Finding Stubborn Bugs with Meaningful Debug Info

SysAdmin

by John Goerzen

on December 1, 2004

Bug tracking is often one of the most difficult processes in software development. Users may have situations different from developers, and bugs that are a big problem for users may not even be visible on developers' machines. Sometimes bugs can come and go, or networked programs may encounter bugs only when talking to specific servers or clients. In this article, I discuss techniques software developers can employ to help track down bugs more easily.

First, I discuss two ways to make it easier to receive and manage bugs, and then I show how to make your programs generate more useful debugging output. Then, I talk about tracking down troublesome bugs. Finally, I cover some practices that can help prevent bugs in the first place. Many of the techniques described in this article are employed in OfflineIMAP (see “Fast Convenient Mail for Travel: OfflineIMAP”, LJ, March 2004).

Tracking Bugs

Before examining how to make better bug reports possible, a critical first step is making sure you can deal with the bug reports you receive. For some small projects, simply publishing an e-mail address is sufficient. However, most projects need something more. Developers often get busy and forget about things. Bugs may be complicated to solve, requiring input from several people, or there simply may be a lot of bug reports.

A bug-tracking system (BTS) is a great way to help ensure that bugs are not forgotten. Most BTS implementations provide a way to track correspondence, handle attached files and delegate responsibility to particular people. Some also support categorization based on things such as severity, user environment and specific components.

If your project is hosted at a project hosting site such as SourceForge or Savannah, you already have a BTS available for your use. You should use it and encourage your users to submit bugs through that interface rather than to a mailing list.

If you need more flexibility, you can find BTS programs for Linux. Some of the most popular free software BTS programs are:

Bugzilla, the BTS used by the Mozilla Project, is a flexible system primarily used through its Web interface.
Request Tracker can be used as both a bug-tracking system and a support-tracking system.
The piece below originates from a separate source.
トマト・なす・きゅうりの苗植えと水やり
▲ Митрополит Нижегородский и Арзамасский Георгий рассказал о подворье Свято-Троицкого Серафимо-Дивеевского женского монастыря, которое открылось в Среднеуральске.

It features both Web and e-mail interfaces, though some administrative functions can occur only through the Web interface.
Jitterbug is the BTS used by the Samba Project. It is similar in concept to Bugzilla but is more lightweight.
Debbugs is the BTS used by the Debian Project. Debbugs has a Web interface, though it is read-only; all manipulations occur by e-mail. Debbugs is best suited for large projects with clearly identifiable components and responsibility for those components.

I personally prefer Request Tracker, because it seems to have a nice blend of features for a BTS. Your own requirements may differ.
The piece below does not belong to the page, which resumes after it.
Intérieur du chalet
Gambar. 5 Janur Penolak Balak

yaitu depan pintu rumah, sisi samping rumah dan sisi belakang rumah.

Make It Easy to Submit Bugs

Sometimes I find a nasty bug in a program and want to report it. But to do so, I have to fill out a detailed questionnaire and perhaps divulge information I'd rather not. It should be easy for people to submit bugs and the information needed to track them down. If you take submissions on the Web, make the process simple. Don't require too much information, and accept submissions even if people don't know some information. Don't expect users to know anything about the different components of the project or which developers are responsible for a given problem.

Logging

When tracking down problems, you often want to know what state the program is in. Other times, you may want to know what actions were carried out prior to triggering the bug. Because users of programs don't necessarily have expertise with your code and a debugger, logging often is called for. Logging simply means writing out a record of the actions carried out. Simple programs might merely print out information, but usually you'll want something a little more capable.

Non-interactive programs, such as network servers, do not have a screen on which to display information. These programs often maintain a log file or use the syslog facility built in to Linux and UNIX systems.

Interactive programs may display information on-screen or also may generate a file. Having a log file available can make bug reporting easier, because the user simply can attach it to a bug report.

Sometimes, you might need quite a bit of data to figure out what's going on with a specific problem. However, all this data may be overkill for a normal session—it could flow right off a user's screen or fill up a hard disk. Therefore, many programs have a notion of a log level. The user can set, at runtime, how much information should be logged. Some programs even may have log categories, where users can configure which types of information are logged. OfflineIMAP uses this approach. For troublesome problems, users can turn on a communications log, which logs all data sent to or received from the IMAP server.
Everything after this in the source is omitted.